In the groundcar, Three Seagrass asked, “Have you been within the world long?”

Mahit needed to stop thinking in any language but Teixcalaanli. What Three Seagrass meant was a standard bit of politesse small talk, a have you ever been to my country before, and Mahit had heard it like an existential question.

“No,” she said, “but I have read the classics since I was a very small child, and I have thought often of the City.”

Three Seagrass seemed to approve of this answer. “I wouldn’t want to bore you, Ambassador,” she said, “but if you’d like a brief and verbal tour of what we’re passing by, I’d be pleased to recite an appropriate poem.” She flicked a control button on her side of the car, and the windows faded to transparency.

“I couldn’t be bored,” Mahit said honestly.
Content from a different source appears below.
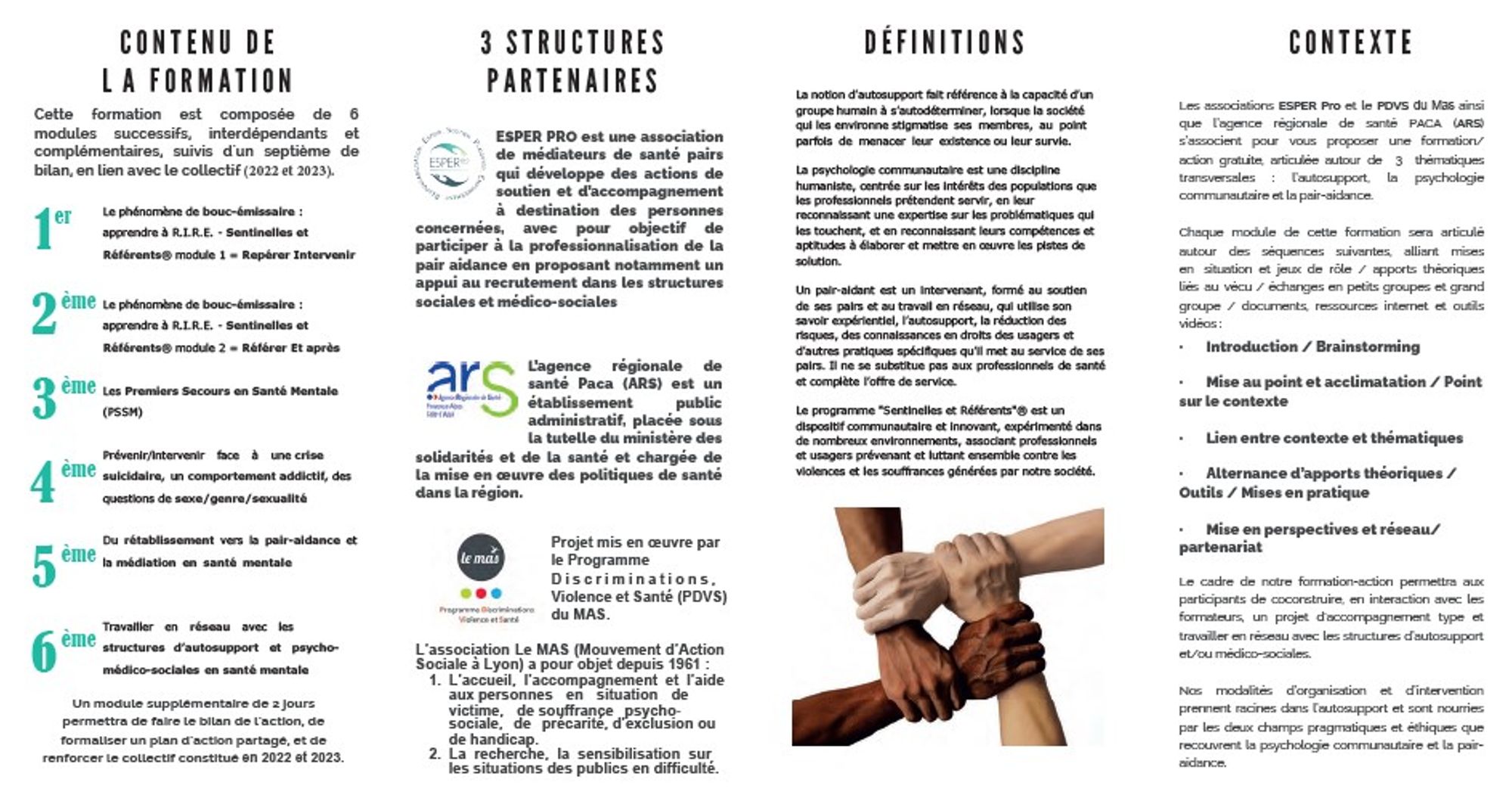 Formation "Sentinelles et référents® en santé mentale Auto-support, psychologie communautaire & pair-aidance ! Flyer formation-action PDVS(Le MAS) - ESPER-PRO.pdf (467.5 Ko) FICHEC~1.PDF (328.7 Ko) Candidatures : la fiche est à compléter et à scanner (à renvoyer avant le 8 septembre 2024) pdvs@mas-asso.fr

Outside, the city was a blur of steel and pale stone, neon lights crawling up and down the glass walls of its skyscrapers. They were on one of the central ring roads, spiraling inward through municipal buildings toward the palace itself. Properly, it was more of a city-within-a-city than a palace. By statistics, it had several hundred thousand inhabitants, all of whom were responsible in some minute fashion for the functioning of the Empire, from the gardeners on up to Six Direction himself: each of them plugged into the information network that was guaranteed to imperial citizens, and every last one bathed in a constant flow of data that told them where to be, what to do, how the story of their day and week and epoch would go.

Three Seagrass had an excellent voice. She was reciting The Buildings—a seventeen-thousand-line poem which described the City’s architecture. Mahit didn’t know the precise version she’d picked to declaim, but that might have been Mahit’s own fault. She had her own favorite narrative poems from the Teixcalaanli canon, and she’d memorized as many of them as she could in imitation of Teixcalaanli literati (and to pass the oral portions of the examinations), but The Buildings had always seemed too dull to bother with. It was different now, hearing Three Seagrass recite it as they passed the structures being described. She was a fluent orator, and she had enough command of the metrical scheme to add amusing and relevant original detail where improvisation was appropriate. Mahit folded her hands across her lap and watched the poetry going by through the glass windows of the groundcar.

This was the City, then, the Jewel of the World, the heart of the Empire: a collapse between narrative and perception, Three Seagrass making adjustments on the fly to the canonical Buildings when some building had changed. After some time she realized that Yskandr was reciting along with Three Seagrass, a dim whisper in the back of her mind, and also that she found the whisper reassuring. He knew this poem, and thus she knew it too, if she needed to know it. That was what imago-lines were for, after alclass="underline" making sure useful memory was preserved, generation to generation.

They traveled through forty-five minutes and two traffic snarls before Three Seagrass concluded her stanza and stopped the groundcar at the base of a needlelike pillar of a building, quite near the center of the palace grounds. <Judiciary complex,> Yskandr said.